Records from a data source
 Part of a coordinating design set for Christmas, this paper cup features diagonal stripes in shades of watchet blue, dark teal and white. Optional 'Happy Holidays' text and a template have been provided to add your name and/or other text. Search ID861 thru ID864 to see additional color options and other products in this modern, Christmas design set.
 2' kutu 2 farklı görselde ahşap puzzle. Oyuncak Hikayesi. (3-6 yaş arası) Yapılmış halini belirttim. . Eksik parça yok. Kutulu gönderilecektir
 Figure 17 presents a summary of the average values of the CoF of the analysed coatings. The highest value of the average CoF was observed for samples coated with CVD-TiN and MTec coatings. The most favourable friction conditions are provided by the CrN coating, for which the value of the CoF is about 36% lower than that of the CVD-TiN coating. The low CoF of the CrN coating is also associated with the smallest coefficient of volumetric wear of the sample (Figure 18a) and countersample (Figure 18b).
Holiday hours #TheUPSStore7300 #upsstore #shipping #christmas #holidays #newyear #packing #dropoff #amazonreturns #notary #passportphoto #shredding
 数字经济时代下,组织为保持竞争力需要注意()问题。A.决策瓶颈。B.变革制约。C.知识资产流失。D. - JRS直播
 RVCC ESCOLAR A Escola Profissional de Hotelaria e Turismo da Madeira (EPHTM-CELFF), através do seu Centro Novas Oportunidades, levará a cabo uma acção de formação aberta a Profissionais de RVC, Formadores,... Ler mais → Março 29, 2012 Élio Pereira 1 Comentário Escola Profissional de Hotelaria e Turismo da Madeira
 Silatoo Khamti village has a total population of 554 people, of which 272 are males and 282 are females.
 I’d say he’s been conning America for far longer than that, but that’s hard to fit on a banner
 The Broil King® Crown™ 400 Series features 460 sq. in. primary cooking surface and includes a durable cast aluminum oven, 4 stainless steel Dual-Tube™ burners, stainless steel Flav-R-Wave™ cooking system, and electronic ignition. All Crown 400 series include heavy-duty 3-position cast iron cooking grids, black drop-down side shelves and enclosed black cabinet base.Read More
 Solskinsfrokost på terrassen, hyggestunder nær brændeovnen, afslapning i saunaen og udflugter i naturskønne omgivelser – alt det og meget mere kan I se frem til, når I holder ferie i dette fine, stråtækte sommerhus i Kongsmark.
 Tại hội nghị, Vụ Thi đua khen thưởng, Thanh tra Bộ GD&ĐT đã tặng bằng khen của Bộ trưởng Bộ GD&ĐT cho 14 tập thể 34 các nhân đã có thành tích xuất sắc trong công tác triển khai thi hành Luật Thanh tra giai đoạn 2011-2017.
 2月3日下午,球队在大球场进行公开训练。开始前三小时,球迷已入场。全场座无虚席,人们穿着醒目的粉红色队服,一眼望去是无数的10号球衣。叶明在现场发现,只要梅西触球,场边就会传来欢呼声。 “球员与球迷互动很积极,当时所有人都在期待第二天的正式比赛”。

Activity
The data should be copied out in full, exactly as it reads.

Answer to this exercise
 Part of a coordinating design set for Christmas, this paper cup features diagonal stripes in shades of watchet blue, dark teal and white. Optional 'Happy Holidays' text and a template have been provided to add your name and/or other text. Search ID861 thru ID864 to see additional color options and other products in this modern, Christmas design set.
 2' kutu 2 farklı görselde ahşap puzzle. Oyuncak Hikayesi. (3-6 yaş arası) Yapılmış halini belirttim. . Eksik parça yok. Kutulu gönderilecektir
 Figure 17 presents a summary of the average values of the CoF of the analysed coatings. The highest value of the average CoF was observed for samples coated with CVD-TiN and MTec coatings. The most favourable friction conditions are provided by the CrN coating, for which the value of the CoF is about 36% lower than that of the CVD-TiN coating. The low CoF of the CrN coating is also associated with the smallest coefficient of volumetric wear of the sample (Figure 18a) and countersample (Figure 18b).
Holiday hours #TheUPSStore7300 #upsstore #shipping #christmas #holidays #newyear #packing #dropoff #amazonreturns #notary #passportphoto #shredding
 数字经济时代下,组织为保持竞争力需要注意()问题。A.决策瓶颈。B.变革制约。C.知识资产流失。D. - JRS直播
 RVCC ESCOLAR A Escola Profissional de Hotelaria e Turismo da Madeira (EPHTM-CELFF), através do seu Centro Novas Oportunidades, levará a cabo uma acção de formação aberta a Profissionais de RVC, Formadores,... Ler mais → Março 29, 2012 Élio Pereira 1 Comentário Escola Profissional de Hotelaria e Turismo da Madeira
 Silatoo Khamti village has a total population of 554 people, of which 272 are males and 282 are females.
 I’d say he’s been conning America for far longer than that, but that’s hard to fit on a banner
 The Broil King® Crown™ 400 Series features 460 sq. in. primary cooking surface and includes a durable cast aluminum oven, 4 stainless steel Dual-Tube™ burners, stainless steel Flav-R-Wave™ cooking system, and electronic ignition. All Crown 400 series include heavy-duty 3-position cast iron cooking grids, black drop-down side shelves and enclosed black cabinet base.Read More
 Solskinsfrokost på terrassen, hyggestunder nær brændeovnen, afslapning i saunaen og udflugter i naturskønne omgivelser – alt det og meget mere kan I se frem til, når I holder ferie i dette fine, stråtækte sommerhus i Kongsmark.
 Tại hội nghị, Vụ Thi đua khen thưởng, Thanh tra Bộ GD&ĐT đã tặng bằng khen của Bộ trưởng Bộ GD&ĐT cho 14 tập thể 34 các nhân đã có thành tích xuất sắc trong công tác triển khai thi hành Luật Thanh tra giai đoạn 2011-2017.
 2月3日下午,球队在大球场进行公开训练。开始前三小时,球迷已入场。全场座无虚席,人们穿着醒目的粉红色队服,一眼望去是无数的10号球衣。叶明在现场发现,只要梅西触球,场边就会传来欢呼声。 “球员与球迷互动很积极,当时所有人都在期待第二天的正式比赛”。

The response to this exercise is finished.